Danny Boyle's Steve Jobs takes us behind the scenes of Apple before three important product launches; The Macintosh in '84, the NeXT in '88 and the iMac in '98.
Academy Award winning director Danny Boyle (Slumdog Millionaire) and Academy Award winning screenwriter Aaron Sorkin (The Social Network) have not created a biopic of Apple co-founder Steve Jobs, but a dramatization of three important product launches.
What's so unique and impressive about Steve Jobs is the structure. It's split up into three separate 40 minute scenes before product launches and each scene builds and builds to a nail biting crescendo. This is what separates Steve Jobs from other biopics; we're not seeing Jobs' life but instead three important time frames from his illustrious career. In these scenes backstage, Jobs tackles issues within his professional life such as trying to get the Macintosh to "say Hello" or more personal affairs such as the daughter he denied paternity of for many years.
Michael Fassbender (Macbeth) stars at the title character and is most definitely the front runner for the Best Actor Oscar next year as this is the most impressive performance of his career and is more than worthy of an award. There is little screen time where Fassbender isn't present; he's almost in every single second of the film which makes the performance all the more impressive. Obviously Fassbender bears little resemblance to the real Steve Jobs but that isn't an issue at all, he fully embodies the character and within the first few minutes that stigma will be gone. Fassbender isn't doing an impression here, even when sporting the iconic turtle neck and blue jeans in the final act.
Steve Jobs was infamously not an easy man to work with and not everyone was a fan of him and the movie does an excellent job of never casting judgement upon Jobs. Boyle and Sorkin let us decide if we like this character and never pussyfoot around the fact that he wasn't a great man, father or work colleague but a man focused almost entirely on his career and the future of the company he started. Whereas the 2013 Jobs showed us the progression of the character from beginning to end, Boyle's picture lets us learn about the characters in three different time frames set years apart all set in real time.

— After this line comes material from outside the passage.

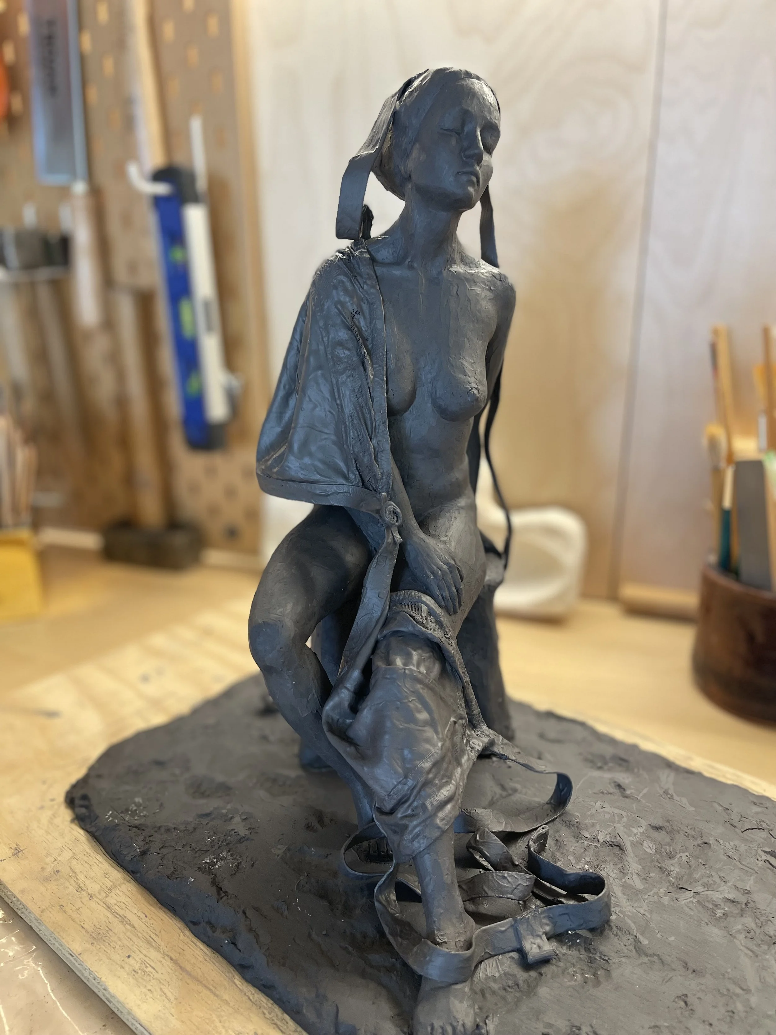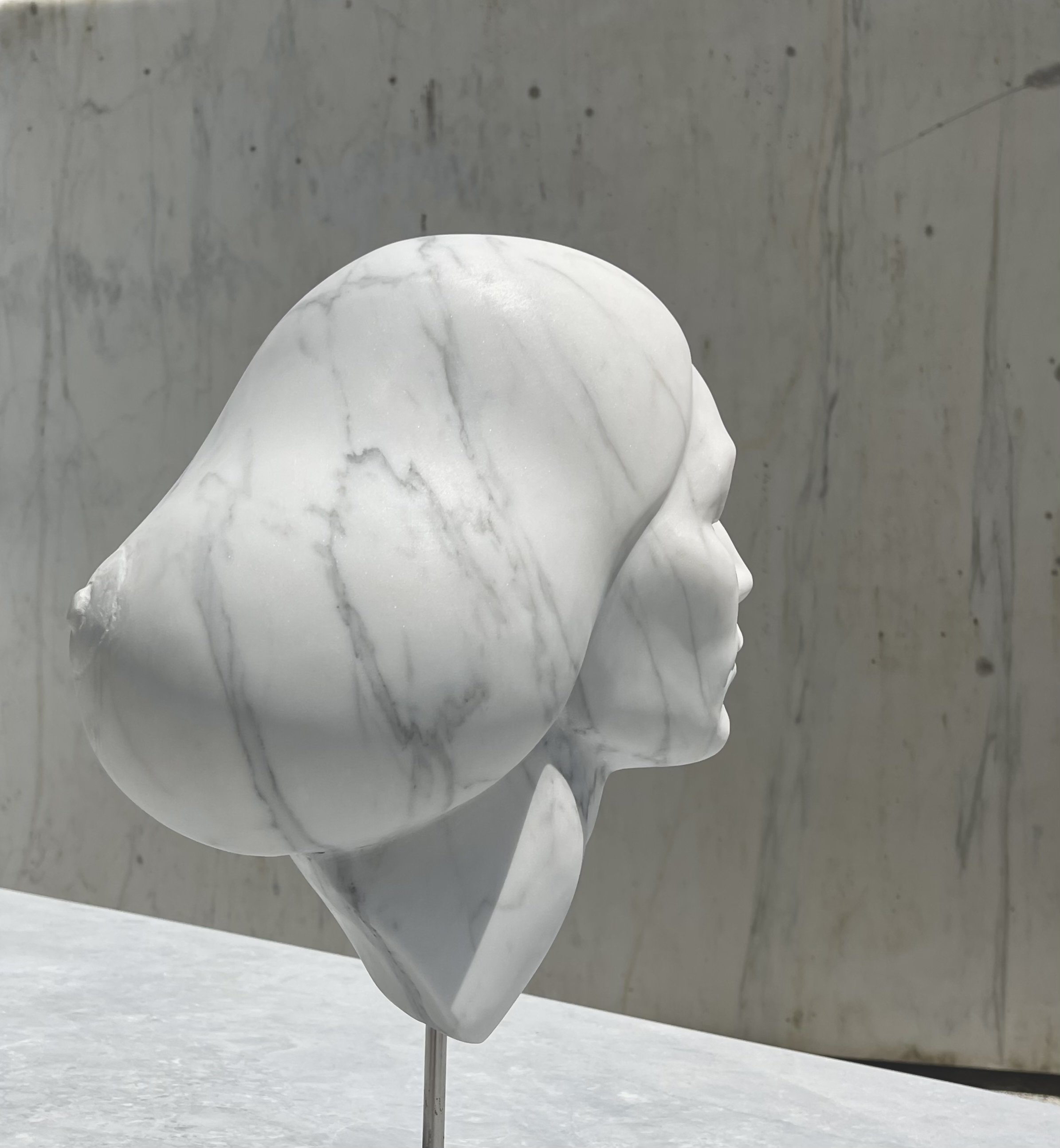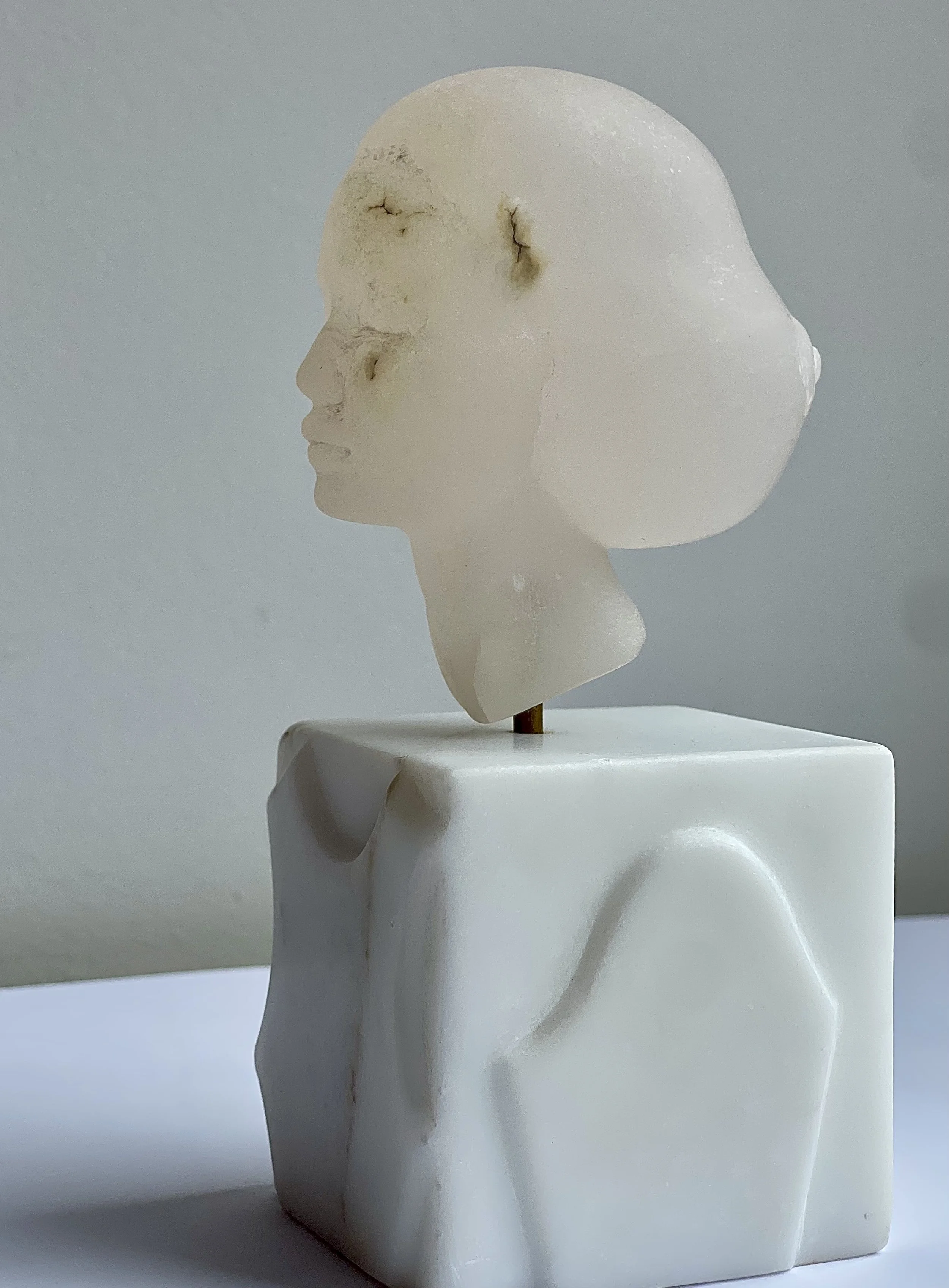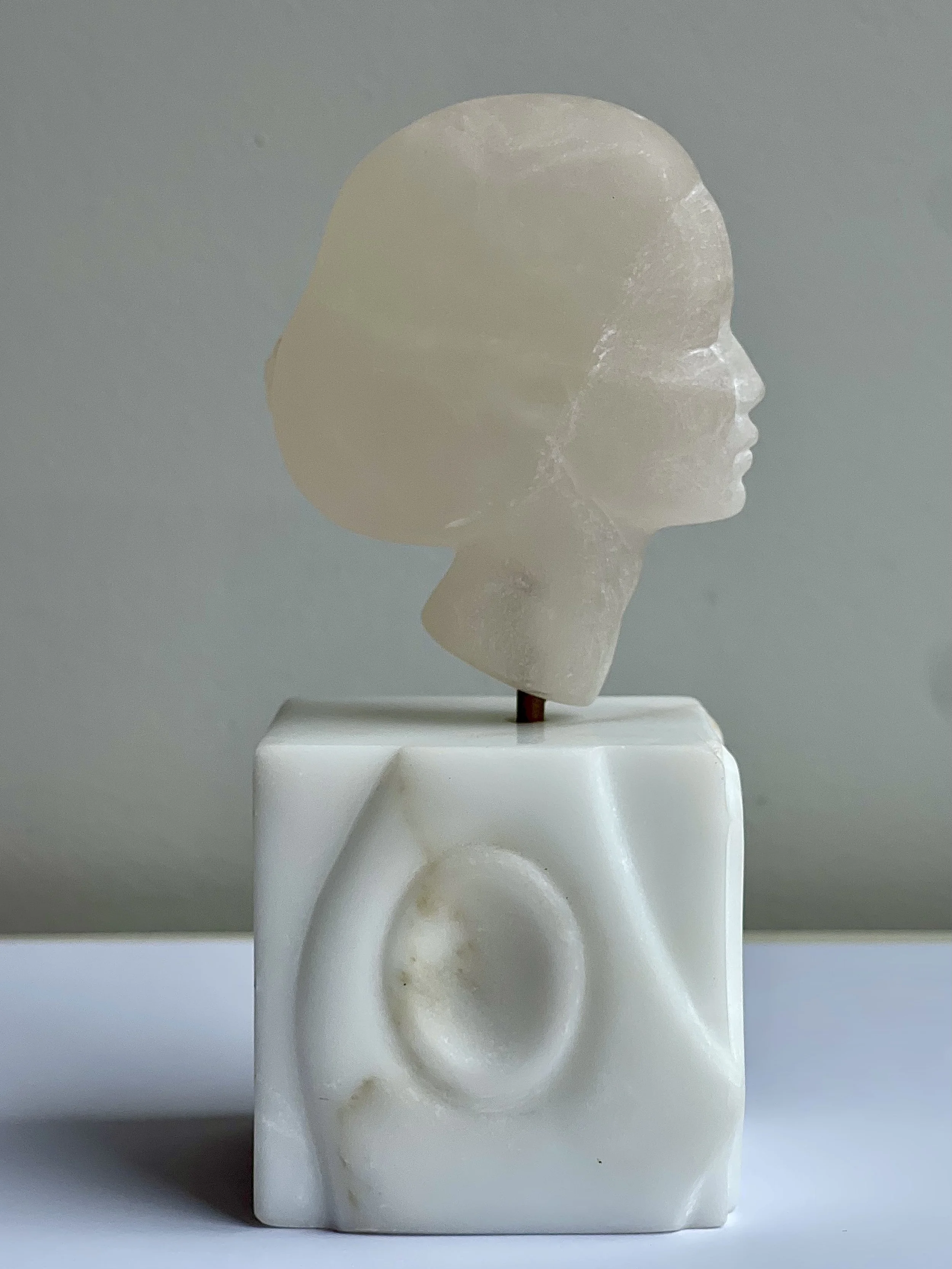 Italian alabaster on Carrara marble "Selfportrait" - Size W 7cm H 15 cm D 7 cm

Surrounding Fassbender is a wonderfully talented cast, Kate Winslet (Titanic) and Jeff Daniels (The Martian) should be considered for supporting role Oscars as Jobs' assistant and CEO of Apple respectively. One of the most surprising performances comes from comedy actor Seth Rogen (Neighbors) playing Jobs' close friend/colleague Steve Wozniak, and whilst this isn't an awards level performance, it's the best Rogen has ever been. Before each product launch, the action comes from Jobs' butting heads with his staff, his superiors or his high school sweetheart and her daughter. That's perhaps the only unrealistic thing about Steve Jobs, everything seems to come afoot within the 40 minutes before a product launch and characters have conversations that they necessarily wouldn't have had in that time but instead at somewhere entirely different, but because of how experimental the films structure is I'm more than willing to forgive that because it works so well. Of course the film isn't presented as a biopic, but a dramatization of Jobs' career which means not everything is entirely accurate, but because the filmmakers didn't intend to create a documentary or biopic, it's not really a complaint.

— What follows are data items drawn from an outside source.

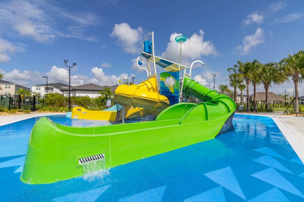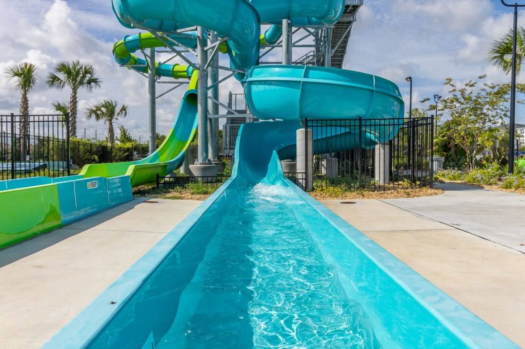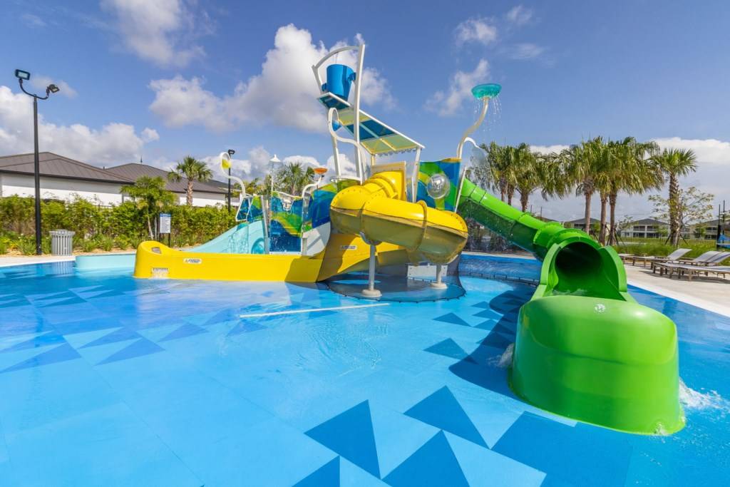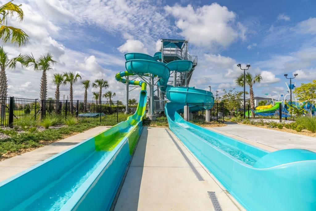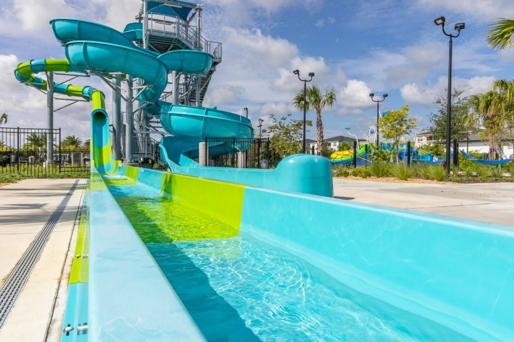 - Oasis clubhouse featuring a water park, lazy river, water slides, swim-up bar, games room, and tiki bar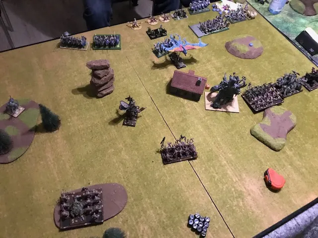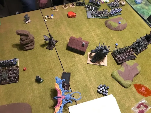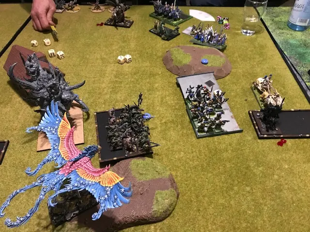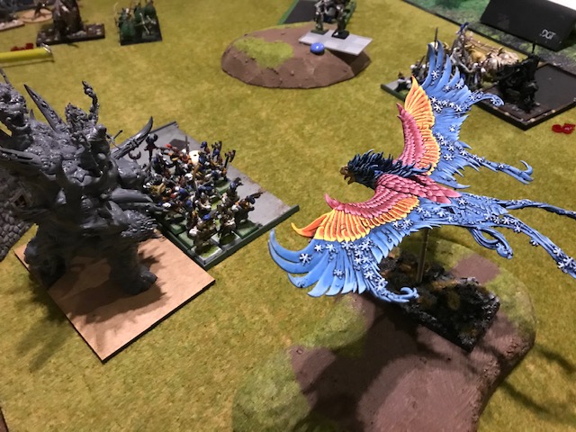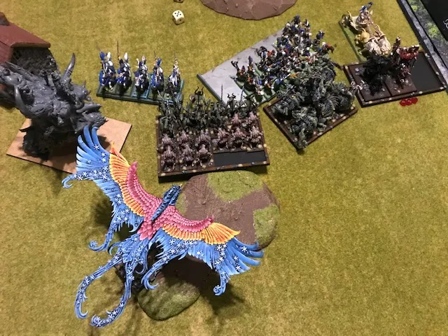 Wie man unten sieht, konnte der Feuerphönix meine Einheiten überfliegen und dezimierte meine Horrors erheblich. Mein Blutdämon sagte seinen ersten Angriff an, aber die Elfenreiter wählten lieber die Flucht, sodass ich nur langsam mich vor die Speerschleudern platzieren konnte...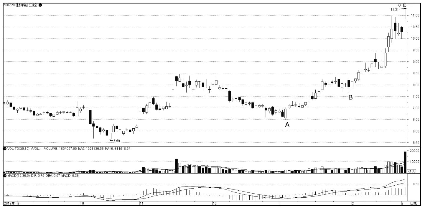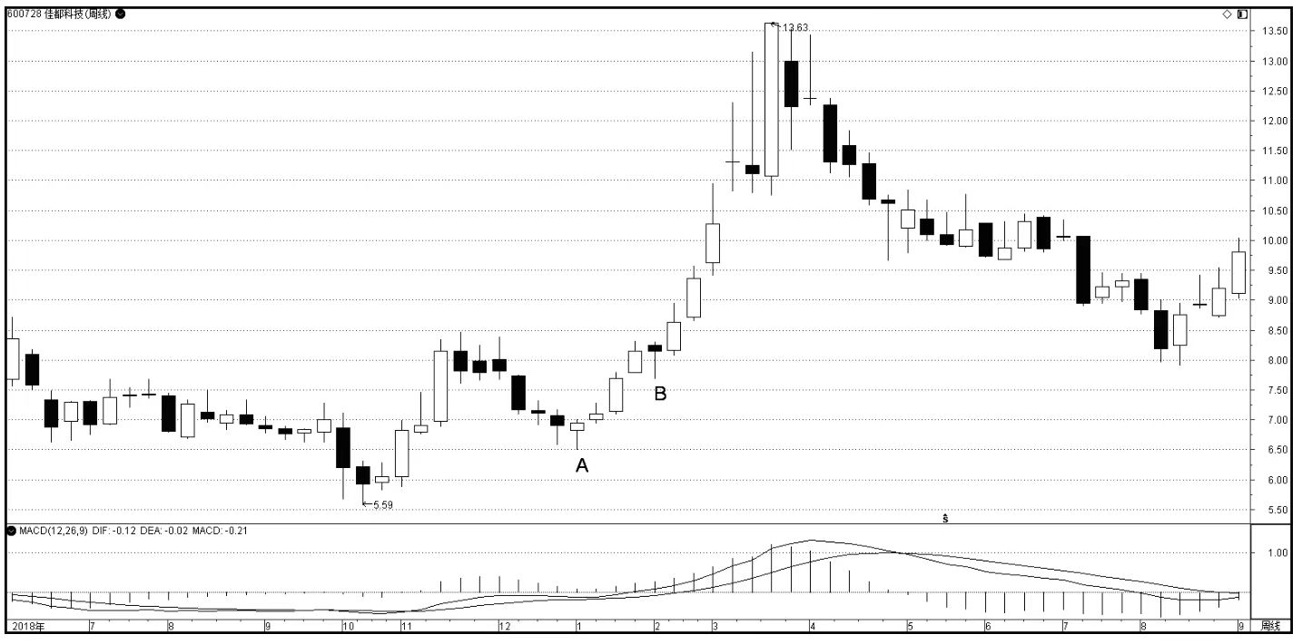 第二类买点的特征,在形态上就是回升后的横盘或者回抽过程,回抽的力度当然越小越好,第二类买点的形成如果是在下跌过程中,后面要突破第一段的高点就需要更大的能量来支撑才行。这种横盘与小力度的回抽,其实就是分型后的那几根K线。在小级别走势类型中,该段走势一般对应MACD向零轴的回抽、短期均线与长期均线的黏合等特征。

Because of the unique three scene structure, there isn't a whole lot of story stringing Steve Jobs together but it's the relationships between the characters which hold all the scenes together, most importantly the blossoming relationship between Steve and the daughter he denied paternity of; Lisa. Lisa is played by three different actresses in the three different time frames, from 5 years old to 19 years old, we see Lisa grow up and see how Jobs finally begins to accept her as his own, the relationship was rather heart breaking as we see Jobs progress from almost entirely dismissing Lisa at a young age to accepting her and even caring for her.
In a way, Steve Jobs is almost a spiritual successor to The Social Network, a very similar type of film also written by Sorkin based on two of the most popular tech moguls of our time. The writing in Steve Jobs is astoundingly impressive. Sorkin writes dialogue how we wish we could talk, everyone is so perfectly articulate and fast and it makes simple dialogue scenes incredibly exciting. Of course the script is only made better with Danny Boyle's unique and brilliant direction which should at least earn him a nomination if not a win at 2016's Oscars. Steve Jobs has an inspiring amount of energy to it, there's little down time which seems odd for a drama mainly comprised of hallway dialogue scenes but it's true, the tension is constantly building within the three scenes which all lead up to a wonderful payoff in each scene.
Steve Jobs is a wonderfully unique film filled with marvelous performances, excellent dialogue and an insane amount of energy which never lets up, this is a straight up masterpiece which needs to be seen.